Invoker

Time Limit: 2000/1000 MS (Java/Others)    Memory Limit: 122768/62768 K (Java/Others)
Total Submission(s): 907    Accepted Submission(s): 364

Problem Description On of Vance’s favourite hero is Invoker, Kael. As many people knows Kael can control the elements and combine them to invoke a powerful skill. Vance like Kael very much so he changes the map to make Kael more powerful. 

In his new map, Kael can control n kind of elements and he can put m elements equal-spacedly on a magic ring and combine them to invoke a new skill. But if a arrangement can change into another by rotate the magic ring or reverse the ring along the axis, they will invoke the same skill.

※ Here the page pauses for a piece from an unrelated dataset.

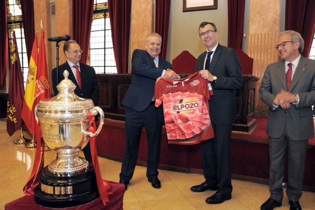 El alcalde de Murcia, José Ballesta, y miembros de la Corporación municipal de todos los grupos políticos, recibieron hoy en el Salón de Plenos del Ayuntamiento a los jugadores del equipo murciano ElPozo, flamantes campeones de la Copa del Rey de Fútbol Sala disputada este pasado fin de semana en Sevilla.

Now give you n and m how many different skill can Kael invoke? As the number maybe too large, just output the answer mod 1000000007.  

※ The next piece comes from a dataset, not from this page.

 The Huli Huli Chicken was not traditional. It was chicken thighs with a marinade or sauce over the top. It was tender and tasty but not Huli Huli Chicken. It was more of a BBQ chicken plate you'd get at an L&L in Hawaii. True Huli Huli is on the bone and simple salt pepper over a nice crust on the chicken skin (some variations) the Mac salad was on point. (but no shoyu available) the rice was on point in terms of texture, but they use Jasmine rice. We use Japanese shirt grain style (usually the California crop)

Input The first line contains a single positive integer T( T <= 500 ), indicates the number of test cases.

For each test case: give you two positive integers n and m. ( 1 <= n, m <= 10000 )  

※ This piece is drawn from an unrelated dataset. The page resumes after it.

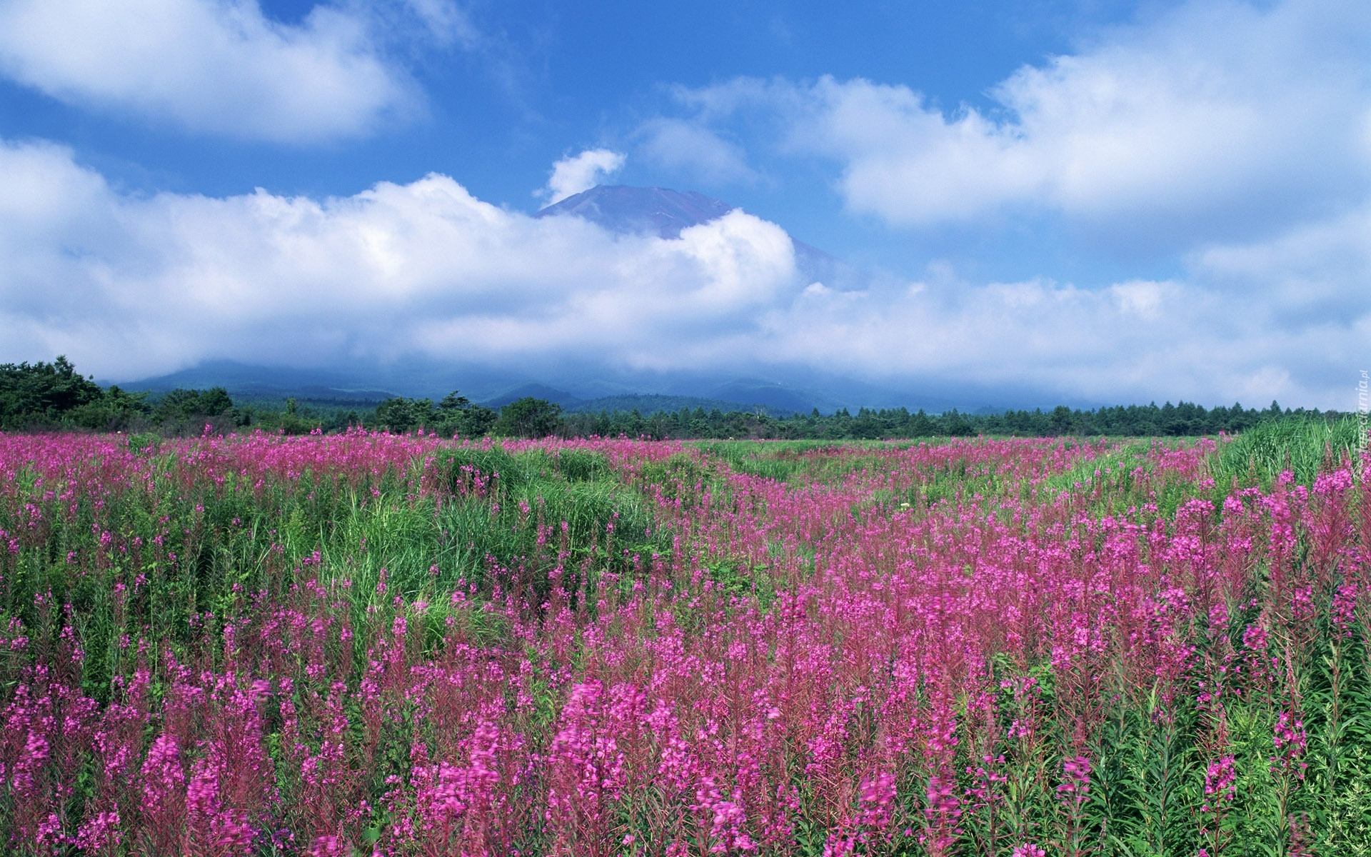 Edytor tapety: Panorama, Góry, Chmury, Łąka, Kwiaty

Output For each test case: output the case number as shown and then output the answer mod 1000000007 in a line. Look sample for more information.  

Sample Input 2 3 4 1 2  

Sample Output Case #1: 21 Case #2: 1
Hint For Case #1: we assume a,b,c are the 3 kinds of elements. Here are the 21 different arrangements to invoke the skills / aaaa / aaab / aaac / aabb / aabc / aacc / abab / / abac / abbb / abbc / abcb / abcc / acac / acbc / / accc / bbbb / bbbc / bbcc / bcbc / bccc / cccc /  

Source
2011 Multi-University Training Contest 9 – Host by BJTU  

Recommend xubiao           这题就是用polya定理，由于要取模，而且要除于一个数，所有要逆元素。  

#include <stdio.h>
#include <string.h>
#include <algorithm>
#include <iostream>
#include <stdlib.h>
#include <time.h>
#include <math.h>
using namespace std;
const int MOD= 1e9+7;

long long pow_m(long long a,int n)
{
    long long ret = 1;
    long long temp = a%MOD;
    while(n)
    {
        if(n&1)
        {
            ret *= temp;
            ret %= MOD;
        }
        temp *= temp;
        temp %= MOD;
        n >>= 1;
    }
    return ret;
}
int gcd(int a,int b)
{
    if(b == 0)return a;
    return gcd(b,a%b);
}
//******************************
//返回d=gcd(a,b);和对应于等式ax+by=d中的x,y
long long extend_gcd(long long a,long long b,long long &x,long long &y)
{
    if(a==0&&b==0) return -1;//无最大公约数
    if(b==0){x=1;y=0;return a;}
    long long d=extend_gcd(b,a%b,y,x);
    y-=a/b*x;
    return d;
}
//*********求逆元素*******************
//ax = 1(mod n)
long long mod_reverse(long long a,long long n)
{
    long long x,y;
    long long d=extend_gcd(a,n,x,y);
    if(d==1) return (x%n+n)%n;
    else return -1;
}

int main()
{
    int T;
    int m,n;
    scanf("%d",&T);
    int iCase = 0;
    while(T--)
    {
        iCase++;
        scanf("%d%d",&m,&n);
        long long ans = 0;
        if(n%2==0)
        {
            ans = n/2*pow_m(m,n/2)+n/2*pow_m(m,n/2+1);
            ans %= MOD;
        }
        else ans = n*pow_m(m,n/2+1);
        //cout<<ans<<endl;
        for(int i = 0;i < n;i++)
        {
            ans += pow_m(m,gcd(i,n));
            ans %= MOD;
            //cout<<ans<<endl;
        }
        ans *= mod_reverse(2*n,MOD);
        ans%=MOD;
        printf("Case #%d: %I64d\n",iCase,ans);
    }
    return 0;
}